I think there are lots of ways to look at efficiencies, this white tag efficiency is just one of them and quite narrow in scope.   In these efficiency comparisons being tossed around, is the embodied energy and efficiency of the final install included? some of these large heating units require concrete pads that could hold up a saturn 5 launch vehicle and the amount of energy it takes to produce concrete is outrageous. look it up.   The same thing goes for the amount of steel going into some of these units, is the steel recycled or do the boiler specs call for steel from china? It becomes more important when you are using 15-20  times more of it. Closer to the direct argument:  Infrastructure requirement vary with the heating solution you have selected, some require large buildings and amounts of insulation used to attempt to hold in the heat.  Are the units tested in installed situations where the sitebuilt insulation techniques can be part of the efficiency?  I have seen some of these installs and the opportunity for efficiency losing thermal bridging would cause problems in my climate. Martyinmi mentions testing side by side but if you tested them side by side coming off the truck it would not be fair to the uninsulated Garn.   Some units require daily start up..are the efficiencies of a cold start and burning the ink laden sunday paper included?  or do the testers start with a nice hot fire regardless of how the fire got to that point.   Is the embodied energy of the transportation included?  Did the truck delivering this unit burn 5 years of #2 diesel to deliver just one of these units ?  what happens when 2000 gallons of anti freeze laden water gets dumped?  If we are comparing installed situations vs off the truck,  then please include a subcategory outdoor gassers that have chosen this fairly easy upgrade to increase an already efficient burner to even higher levels.  I can keep going.  I work on schools, Im involved with installing large boilers among other things.  These Garns as big as a large commercial boiler requiring large capitol investments to install and construct fully functioning infrastructure around them.  Maybe some folks can out of pocket this kind of investment,  but others are financing.  Do the efficiency calcs include the gas this investor burns up going to work for another year or two to pay for the final cost?

its crazy, but I almost detect a kind of class warfare against the OWB..but if you look at the term without preconception and inside industry appropriatness, isnt the garn, outdoors, burns wood, and it heats water?   I mean, most folks cant put one of those units in their basement can they?  I guess I'm missing insider information. Maybe we need a white tag test for that. 

ultimately its important that the efficient burning of wood becomes more widespread.  I live in a very large poor rural area...around me, every winter a trailer or 200 year old house ( usualy one of each)  burns to the ground from a woodstove ignited fire, spewing out enough toxins and particulates to make up the difference between efficiencies of hundreds of generation 1 OWBs and the more efficient approaches.  Im not advocating OWB for everwhere, but we have naturall, environmentally desired, forest fires that make this efficency argument ridicoulous.  Two years ago the forest fires in canada actually changed our climate for two weeks. im not advocating for inefficent burning, im just saying please put the lab test into perspective.     I know that my "under debate" outdoor gasser provides plenty of heat on two large armfulls of wood a day when its cold, has a blue flame in the gasification chamber and has lots of heat exchange tubing that remains fairly clean in one of the coldest sunless climates in the US.    If this drag and drop technology (ready to plug in outdoor gasser) could become more affordable and give safe, renewable and affordable heating to more folks it would be good for all of us.  Despite my rant, the Garns are beautifull machines and a probably more efficient in the lab, but We all pursue the best choice we can afford, some are smaller solutions than others but its all good!  Im gonna hit submit post and run!


----------



## Como (Feb 2, 2012)

I think the thread is being derailed due to mention of the Garn, which has a very small share of the Gassifyer market.

The pressure on my concrete slab is less than in a a garage.

I drive an old truck, probably gets 16mpg.

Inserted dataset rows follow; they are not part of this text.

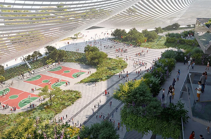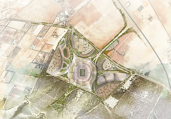 Стадион выглядит помпезным. Дизайн принадлежит компании Populous, которая также отвечает за проектирование нового стадиона «МЮ». Под проект выделяют 100 гектаров земли – большая часть уйдет под посадку садов и строительство спортивных площадок.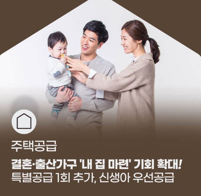 결혼·출산가구 '내 집 마련' 기회 확대! 공공분양 일반공급의 50% 신생아 가구 우선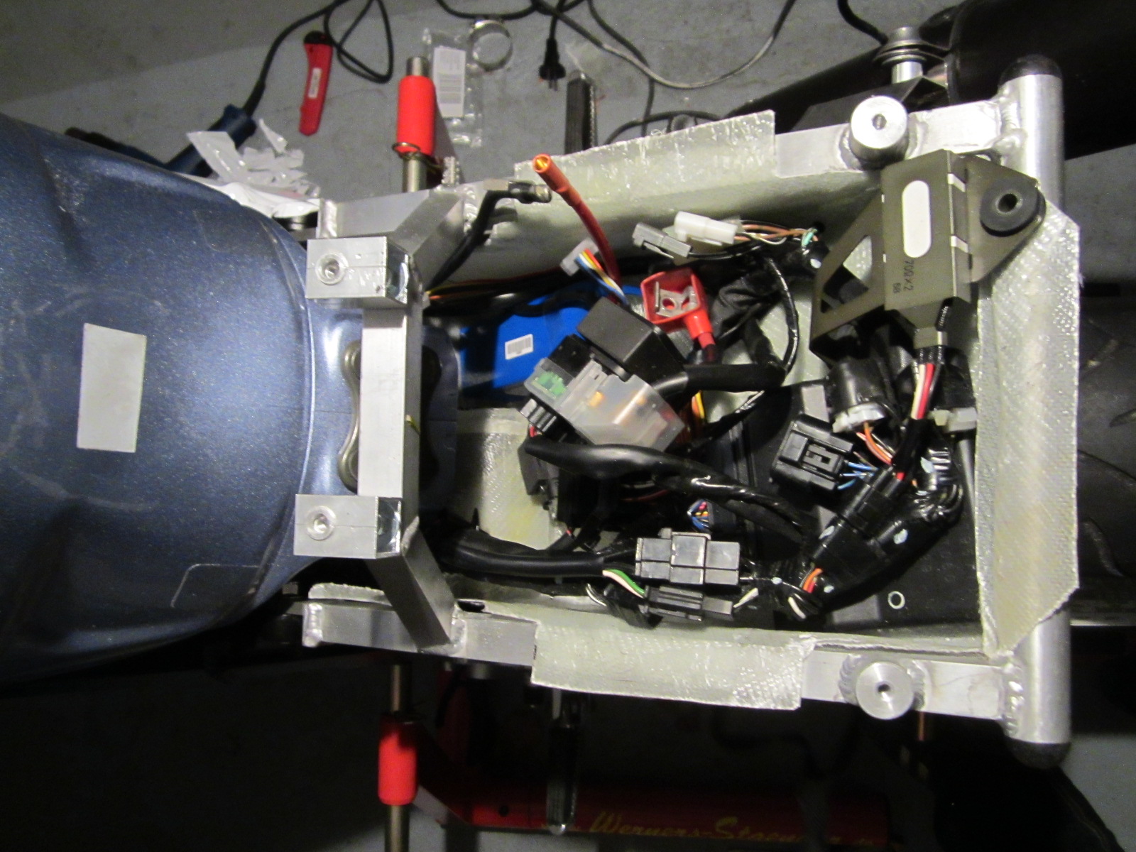 Ich habe den Kasten so gut es ging durch das Besäumen gerettet. Ehrlich gesagt auch aus dem Grund, weil ich keine Lust hatte mich mit einem so unwichtigem Teil länger als nur irgendnötig aufzuhalten. Der Kasten sollte eigentlich recht locker im Heckrahmen hängen und an drei Streben mit zwischengelegtem Moosgummi aufliegen. Durch die Umstände ist es jetzt eine Presspassung geworden und Moosgummi wird nicht an allen Berührpunkten zum Einsatz kommen können. Daher werden die einzelnen elektrischen Aggregate (wie sagt man dann zu Relais, Steuergeräte und Co?) durch Moosgummi bestmöglich von Motorvibrationen entkoppellt und mit etwas dickerem isolierten Kupferdraht an Ort und Stelle verdrillt, bzw. mit doppelseitig klebendem Klettband fixiert.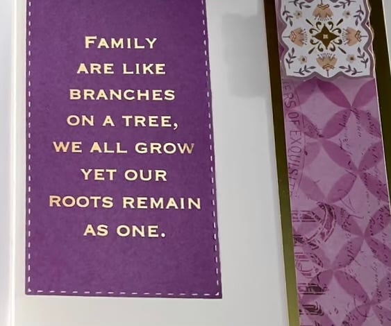 The wording ‘Family are like branches on a tree, we all grow but our roots remain as one’ in gold on a purple background have been added on the inside.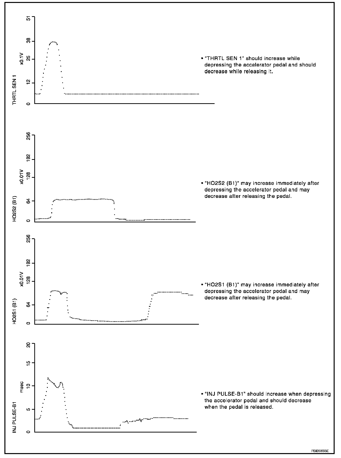 ENG SPEED, MAS A/F SE-B1, THRTL SEN 1, HO2S2 (B1), HO2S1 (B1), INJ PULSE-B1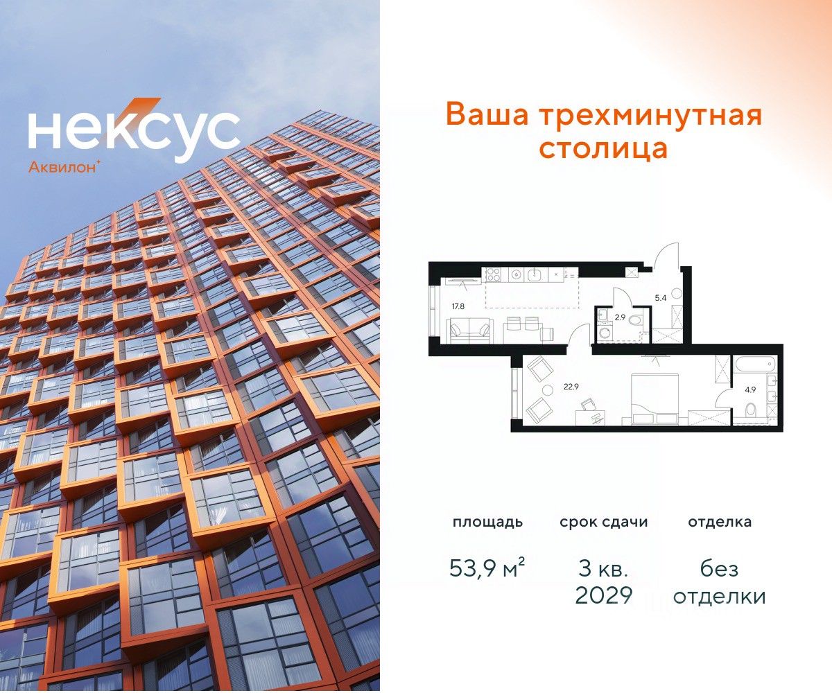 Продажа от застройщика. О проекте: В основе Несус Аквилон лежит принцип трехминутного города, где вся жизнь: работа, отдых, здоровье, общение и культура сосредоточены в шаговой доступности. Он не просто экономит время, а кардинально перераспределяет его. В этих условиях главным логистическим узлом становится лифт, который в считанные секунды переносит из квартиры в собственный фитнес-рум, панорамный двор или современный коворкинг. Здесь вы сами решаете: оказаться в эпицентре событий, чувствуя пульс мегаполиса, или наслаждаться тишиной и приватностью своего пространства. И главное — вы можете переключаться, находя идеальный баланс каждый день. Несус Аквилон - ваша трехминутная столица! Транспортная доступность Несус Аквилон дарит независимость от расстояний и логистики. Ваше время теперь принадлежит только вам меньше минуты до метро Молодежная 2 минуты до Рублевского шоссе 10 минут до Проспекта Багратиона 15 минут до Москва-Сити 10 минут до МКАД 20 минут до ТТК Архитектура 46-этажная башня станет новой архитектурной доминантой, символизирующей динамику и технологичность современной жизни.Комбинация алюминиевых кассет, стеклофибробетона и витражного остекления фасада создает монументальную оболочку, а теплая цветовая гамма добавляет масштабной форме визуальной теплоты. Три разных по характеру стороны башни — от строгой "зубчатой" геометрии до живописных эркеров — создают многогранный, ритмичный образ, дополняемый невесомыми балконами со стеклянным ограждением. Архитектура проекта живет в диалоге с городом: променад вдоль парящего стилобата со стрит-ретейлом становится естественным продолжением общественного пространства. Планировки в концепции Разумные метры Мы создали квартиры, где пространство работает на ваш комфорт. В основе концепции "Разумные метры" правильная геометрия помещений и тщательно продуманные эргономичные решения. - Высота потолков до 3,55 метров - Многообразие планировок: от студий до четырехкомнатных квартир классического и евро-формата - Многофункциональные пространства: кухни-гостиные для приема гостей и зонированные мастер-спальни - Продуманная инфраструктура быта: отдельные постирочные и гостевые санузлы - Удобные системы хранения: встроенные ниши и гардеробные зоны - Уникальные форматы: пентхаусы, комнаты с двумя окнами, угловое панорамное остекление - Возможность открытия окон на всех высотах Для студий и однокомнатных квартир мы предлагаем готовое решение — отделку White box, позволяющую сразу приступить к чистовому ремонту на ваш вкус. Для остальных планировок предусмотрена черновая отделка, чтобы воплотить все интерьерные пожелания. Здесь пространство адаптируется под ваш образ жизни, а не вы подстраиваетесь под планировку. Приватное благоустройство Скрытый на виду панорамный двор-терраса, расположенный на высоте 7 метров, объединил внутреннюю камерность и внешнюю динамику городской жизни. - Многоуровневое озеленение с всесезонными композициями, сохраняющими декоратив

A new one will get 22mpg and is significantly more powerful to boot.

So if I was in the market for a new truck I would want the new specs, not the old. And it is cleaner.

As far as OWB's are concerned as each State goes its own way then the chances are that in many any proper stats will have zero effect, my assumption is that they will in the mass market areas, which is where you would want the impact anyway.


----------



## heaterman (Feb 2, 2012)

barkeatr said:
			
		

> i know the efficiency of my profab 200 gasser. by golly,  its 100%.    my formula?, divide tons of heat by not much wood x reasonable investment cost to the third power and invert that with happy wife dog and teenage daughter =100% happy camper.    Its quite simple really.




...........looking for the "like" button here............ ^


----------



## timbur (Feb 2, 2012)

Barkeatr , I love your way of calculating your efficiency rating , it doesn't get any better than that !

Looks like you really like your Pro 200 , I have been considering becoming a dealer for the Empyre  Pro Series 


Tim


----------



## martyinmi (Feb 2, 2012)

Holy Mackerel, 
  Some of you guys read too much into things. I was actually asking a legitimate question- namely,how will OWB GASIFYERS stack up against the Garn IF they are tested the same way? Will the Garn, or even the European style indoor gassers out perform the gasifying OWB? Or will it be the other way around? Words like reactants, thermodynamics,reaction thermodynamics,entropy,delta t's,catalysts,inhibitors,stoichiometry,photosynthesis, and formulas like (delta)S=(delta)Q/(delta)T, or even E=MC2 are not needed in the response to this question. Simple layman's terms please.

   Thanks!

   barkeatr-
Your formula is nearly identical to mine, except your girl is my boy and your dog is my wife's cat. Will mine consume more renewable resources, or will yours? Or maybe it doesn't matter as long as they are happy and our beer is cold


----------



## Frozen Canuck (Feb 3, 2012)

martyinmi said:
			
		

> Holy Mackerel,
> Some of you guys read too much into things. I was actually asking a legitimate question- namely,how will OWB GASIFYERS stack up against the Garn IF they are tested the same way? Will the Garn, or even the European style indoor gassers out perform the gasifying OWB? Or will it be the other way around? Words like reactants, thermodynamics,reaction thermodynamics,entropy,delta t's,catalysts,inhibitors,stoichiometry,photosynthesis, and formulas like (delta)S=(delta)Q/(delta)T, or even E=MC2 are not needed in the response to this question. Simple layman's terms please.
> 
> Thanks!
> ...



Sorry if I misinterpreted your intent. 

Simple layman's terms, you, me & any other OWB brand we care to name, in a side by side comparison with a garn or any other indoor wood gasifyer that we see so often in the forums & that is operated as intended, are going to be absolutely killed. Our units burn & then smoulder, they're units are designed & built to burn flat out until it's gone, then rest. Our units burn & smoulder from the first day of heating season until the last, theirs never should. If we want a side by side comparison we have a prayer at we need to find ourselves the owner of an old seton clone, who posts as cutting his wood from the forest, dragging it close to his seton clone with say a tractor, cuts it into pieces that will fit in his seton clone & tries to burn it, no splitting allowed for him. Then we have a prayer, as he will spend about as much time in full gasification mode as a gasifying OWB does, we just need to have his unit run without storage just like any OWB. Then yes we have a prayer, just don't ask me to lay odds or take bets on the winner.


----------



## maple1 (Feb 3, 2012)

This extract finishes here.